Déclaration de Vincent Delobel, membre de La Via Campesina, lors de la troisième session du groupe de travail intergouvernemental sur une déclaration des Nations Unies sur les droits des paysans et d’autres personnes travaillant dans les zones rurales
Geneva, Palais des Nations
17 mai 2016
Déclarations générales
Par Vincent Delobel, Mouvement d’Action Paysanne (membre de La Via Campesina)
Chère Madame Présidente-Rapporteur, Chers délégués, Mesdames et Messieurs,
C’est un honneur et un plaisir pour moi d’être ici et de prendre la parole au nom des
jeunes paysannes et paysans européens et de pouvoir porter notre message.
Chevrier bio en Belgique, je cultive l’alimentation de mes chèvres et transforme leur
lait en différents fromages.
Aujourd’hui, en Europe, notre métier d’agriculteur et encore plus particulièrement
celui d’éleveur est menacé. Nous ne sommes que 10% des agriculteurs à être âgés
de moins de 40 ans. En effet, de nombreux collègues produisent à perte, leur marge
économique et leur pouvoir de négociation sont réduits à néant. Beaucoup d’entre
nous se retrouvent coincés dans une trajectoire de développement non seulement
très risquée d’un point de vue financier mais qui en plus nous amène à réaliser notre
métier, à traiter nos sols, cultures et animaux d’une manière qui ne nous correspond
pas.
D’année en année, nous sommes de plus en plus nombreux, en réaction à cette
menace de disparition, à repenser nos pratiques d’élevage et de culture, à
réorganiser notre système de production vers davantage d’autonomie.
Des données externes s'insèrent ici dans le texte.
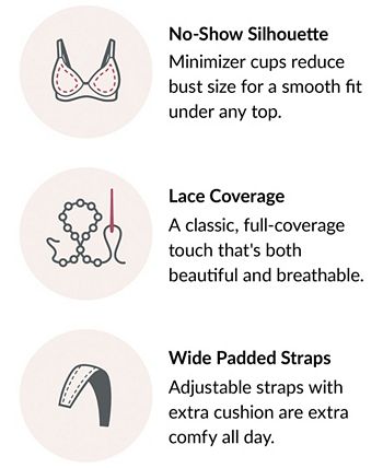 Your clothes will fit and look better with this minimizer. The sophisticated lacey look includes all of the MagicLift features, a wireless inner cushioned band for incredible bust support and great shape. The wide padded straps pamper your shoulders and cotton blend bottom cups wick away moisture for all day comfort.

Nous
désirons produire nous-mêmes une alimentation diversifiée pour nos animaux, mieux
valoriser nos engrais de ferme, développer des semences adaptées à ces
pratiques… Et de manière générale, nous aspirons à davantage d’autonomie
décisionnelle, à choisir des manières de cultiver et d’élever qui soient plus
cohérentes avec nos valeurs, notre éthos, et nos vécus parmi ces êtres vivants.
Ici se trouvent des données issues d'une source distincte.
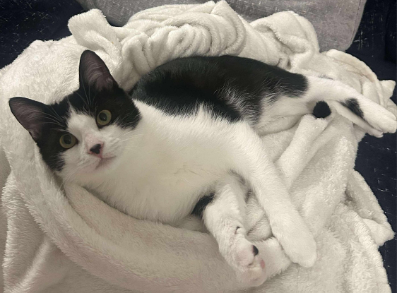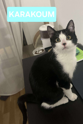 Un adorable chat estimé à 4-5 mois au pelage noir et blanc qui vous charmera. Karakoum a été retrouvé dans un carton fermé sous une voiture. Pourtant, ce n’est pas un chat apeuré ni méfiant de l’Homme. Il n’est en aucun cas timide, dès la première rencontre va vers les autres pour jouer ou des câlins. C’est un compagnon très affectueux et rapidement à l'aise. Il attend avec impatience le réveil ses propriétaire pour venir s’immiscer sous la couette. Karakoum est encore un enfant qui aime jouer avec tous les objets et les mains de ses compagnons. Il a tendence à mordiller pendant le jeu mais sans jamais d’agressivité et toujours accompagné de quelques ronrons.

Nous sommes aussi de plus en plus nombreux à réorganiser nos modes de
transformation avec des méthodes artisanales qui assurent une continuité entre la
santé du sol et celles des hommes. Nous essayons aussi d’organiser de nouvelles
filières véritablement équitables qui rémunèrent dignement notre travail et notre
savoir-faire.
Comme depuis des siècles, nous, les paysans cultivons toujours cet art salutaire de
la « débrouillardise nourricière », nous avons continué à nourrir nos concitoyens
dans toutes sortes de contextes. Notre problème aujourd’hui est que cette inventivité
se heurte rapidement aux règlements en vigueur, aux standards industriels et plus
largement au régime de l’agro-business.
Très concrètement, comme de nombreux collègues, je transforme mon lait de chèvre
en fromages tout en veillant à préserver la flore qu’il contient. Sans cesse, nous
devons nous battre pour faire reconnaître et tolérer ce mode de transformation « au
lait cru » que les industries ne peuvent réaliser.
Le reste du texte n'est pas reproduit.